[Records drawn from a dataset]
• • • • • • •

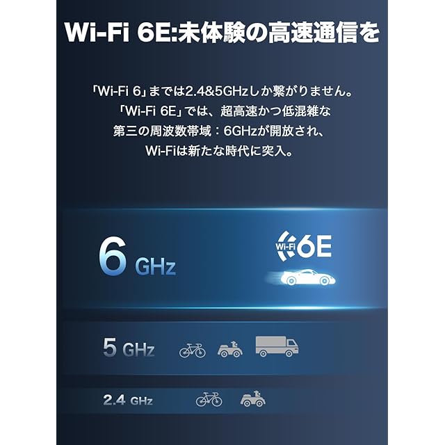 [規格値] Wi-Fi6E対応: 2402 Mbps (6 GHz) + 2402 Mbps (5 GHz) + 574 Mbps (2.4 GHz)
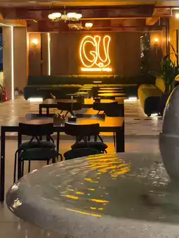 The wooden furniture and yellow lighting make it a perfect photo opportunity.
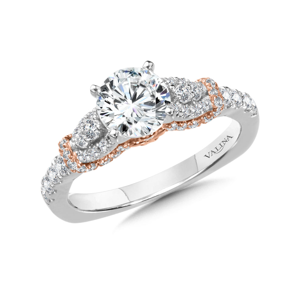 14K White & Rose Gold Diamond Halo Engagement Ring
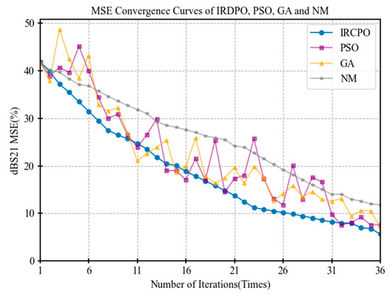 In each experiment, the minimum error value in each iteration for a given initial parameter set was considered the optimal solution for that set, and the results were recorded accordingly. After multiple trials, the average value of the optimal solutions was computed, and an error convergence curve was plotted to objectively evaluate the optimization performance of each algorithm. The MSE convergence trend of the insertion loss for the filter is illustrated in Figure 4.
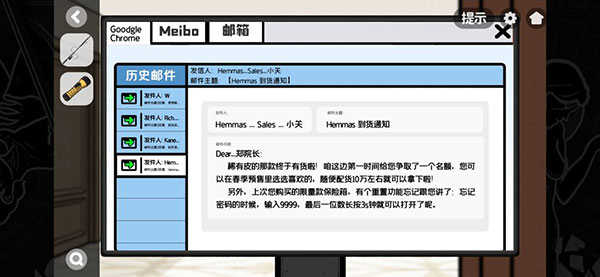 连接电脑Wi-Fi后,搜索并登录meibo账号(验证码5462),确认手机号后四位为9020,补全电话为1823979020;随后登录邮箱,通过安全问题验证,获取保险箱密码提示:9999,最后一个9需长按3秒”。
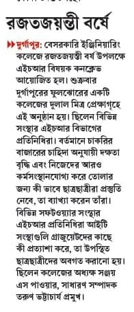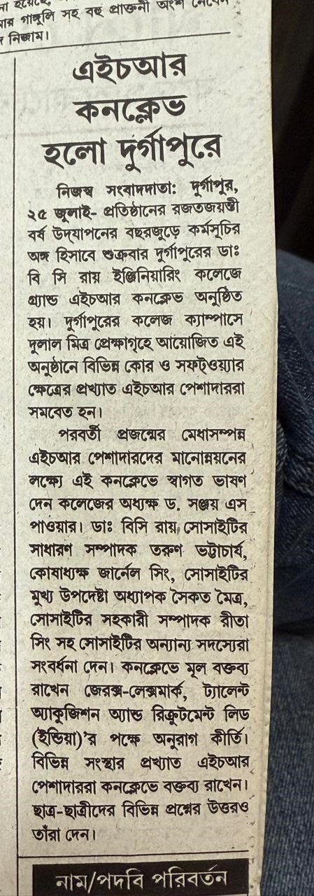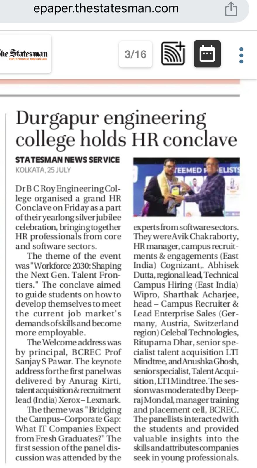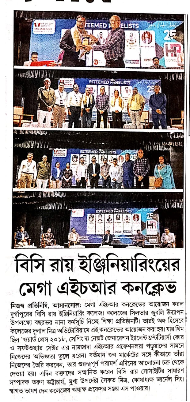 Dr. B. C. Roy Engineering College organized a grand HR Conclave on 25th July, 2025 as a part of their yearlong Silver Jubilee celebration at the Dulal Mitra Auditorium bringing together famous HR professionals from core and software sectors. The theme of the event was "Workforce 2030: Shaping the Next Gen. Talent Frontiers." The conclave aimed to guide students on how to develop themselves to meet the current job market's demands of skills and become more employable.

• • • • • • •

= What this task involves =
Output exactly and only the lines from the line containing "连接电脑Wi-Fi后,搜索并" to the end of the entries, both included, and omit every picture.

= Exercise answer =
 连接电脑Wi-Fi后,搜索并登录meibo账号(验证码5462),确认手机号后四位为9020,补全电话为1823979020;随后登录邮箱,通过安全问题验证,获取保险箱密码提示:9999,最后一个9需长按3秒”。
 Dr. B. C. Roy Engineering College organized a grand HR Conclave on 25th July, 2025 as a part of their yearlong Silver Jubilee celebration at the Dulal Mitra Auditorium bringing together famous HR professionals from core and software sectors. The theme of the event was "Workforce 2030: Shaping the Next Gen. Talent Frontiers." The conclave aimed to guide students on how to develop themselves to meet the current job market's demands of skills and become more employable.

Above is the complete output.